Work request — An exact copy of the listing below is the answer, with the pictures removed.

Data shown —
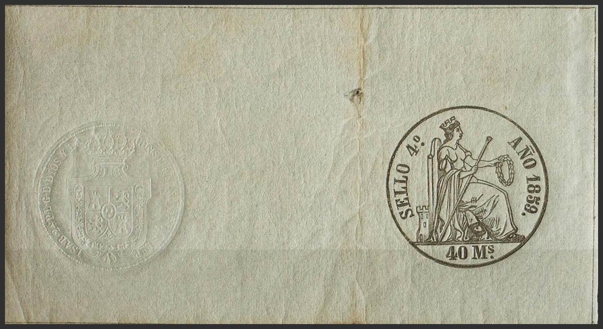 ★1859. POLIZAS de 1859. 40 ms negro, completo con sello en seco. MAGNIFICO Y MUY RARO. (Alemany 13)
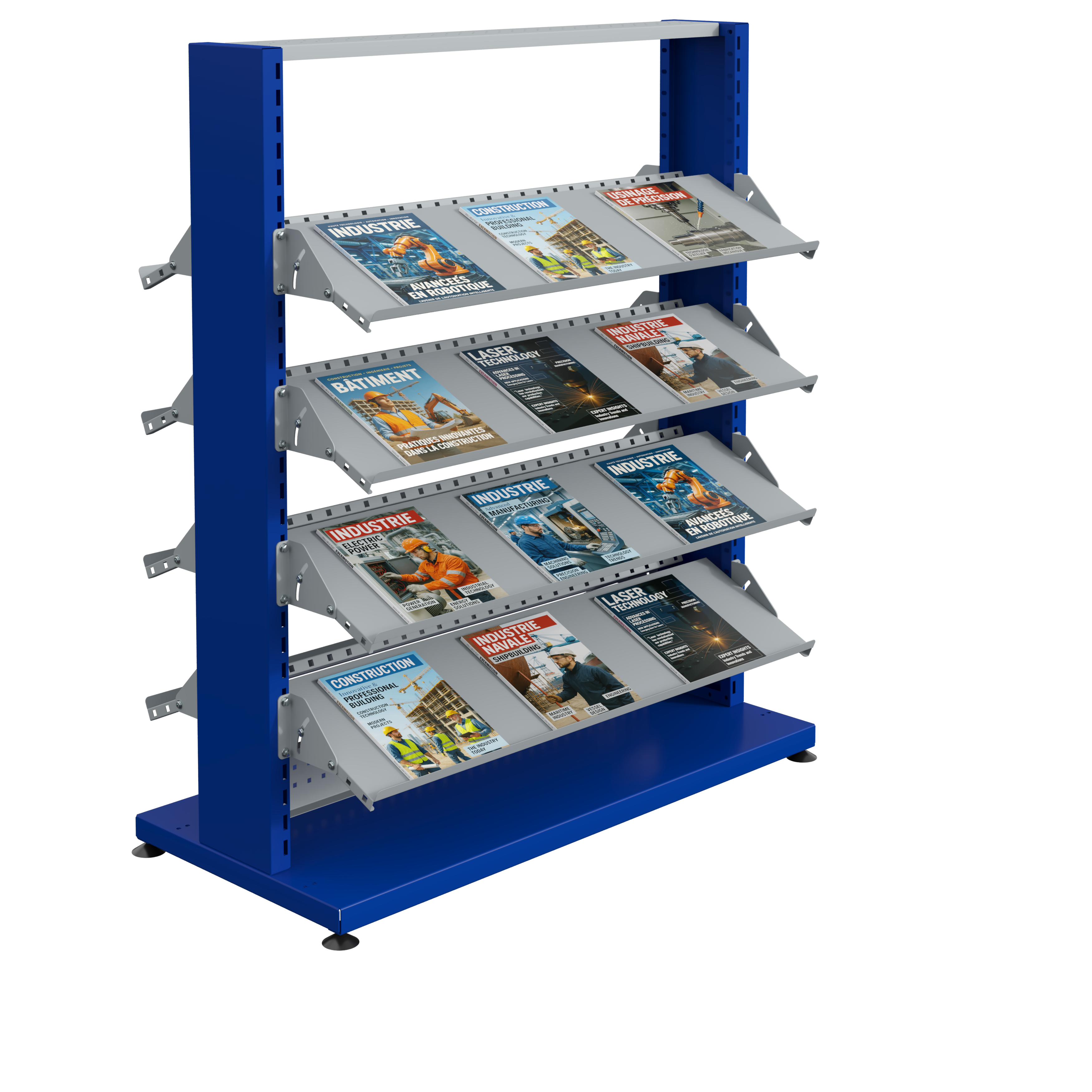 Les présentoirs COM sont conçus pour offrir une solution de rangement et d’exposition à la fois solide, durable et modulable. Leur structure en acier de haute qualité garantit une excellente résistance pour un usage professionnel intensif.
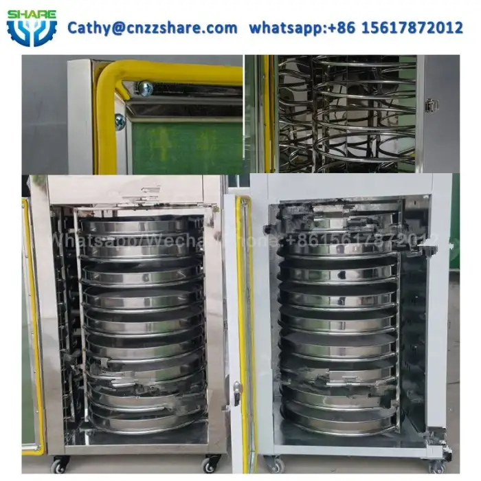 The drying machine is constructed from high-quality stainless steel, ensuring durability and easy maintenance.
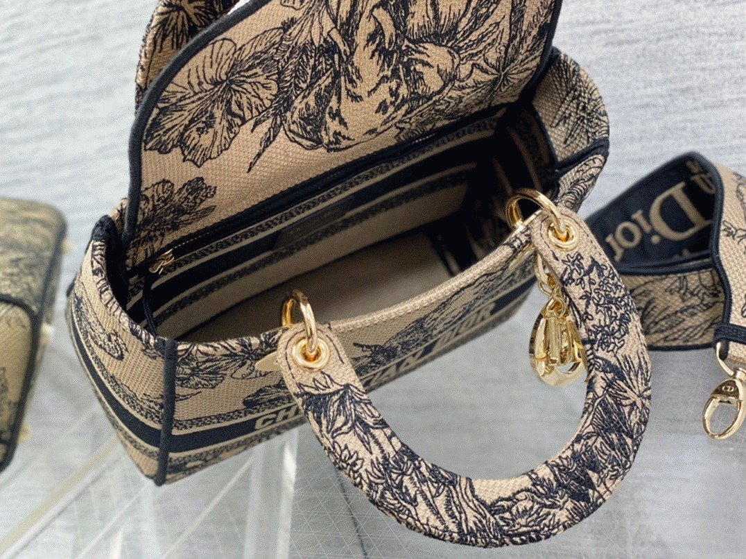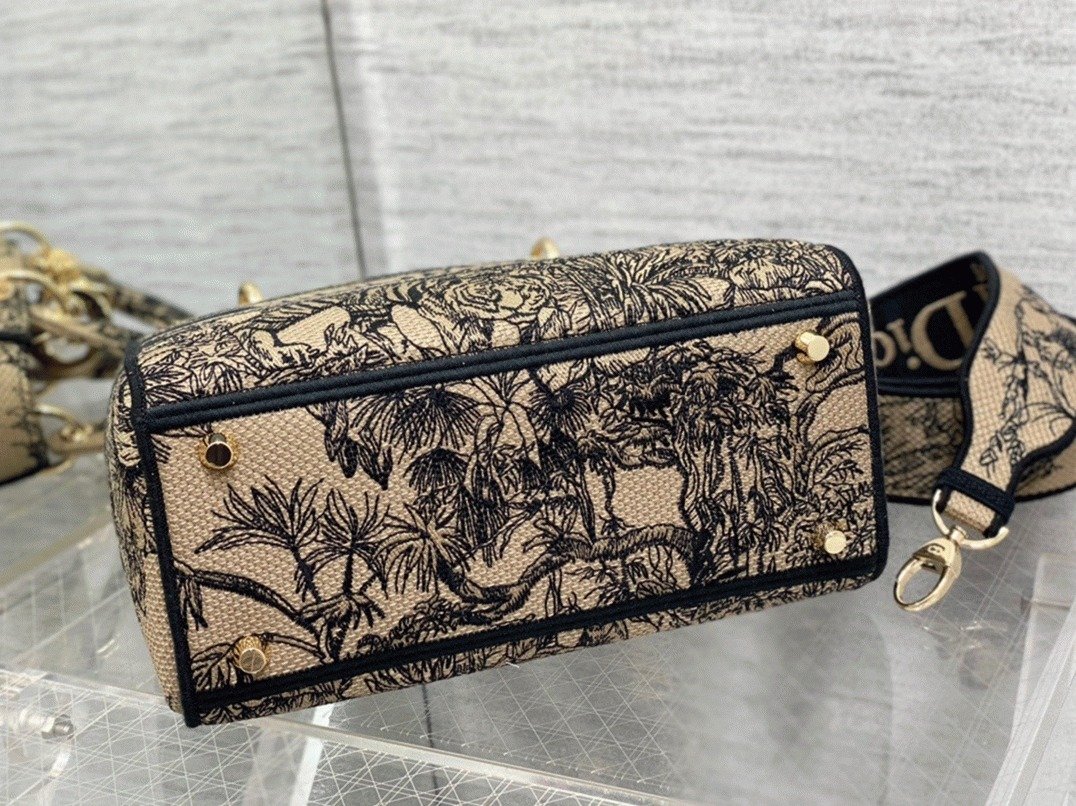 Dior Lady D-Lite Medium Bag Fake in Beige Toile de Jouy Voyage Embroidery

Output —
 ★1859. POLIZAS de 1859. 40 ms negro, completo con sello en seco. MAGNIFICO Y MUY RARO. (Alemany 13)
 Les présentoirs COM sont conçus pour offrir une solution de rangement et d’exposition à la fois solide, durable et modulable. Leur structure en acier de haute qualité garantit une excellente résistance pour un usage professionnel intensif.
 The drying machine is constructed from high-quality stainless steel, ensuring durability and easy maintenance.
 Dior Lady D-Lite Medium Bag Fake in Beige Toile de Jouy Voyage Embroidery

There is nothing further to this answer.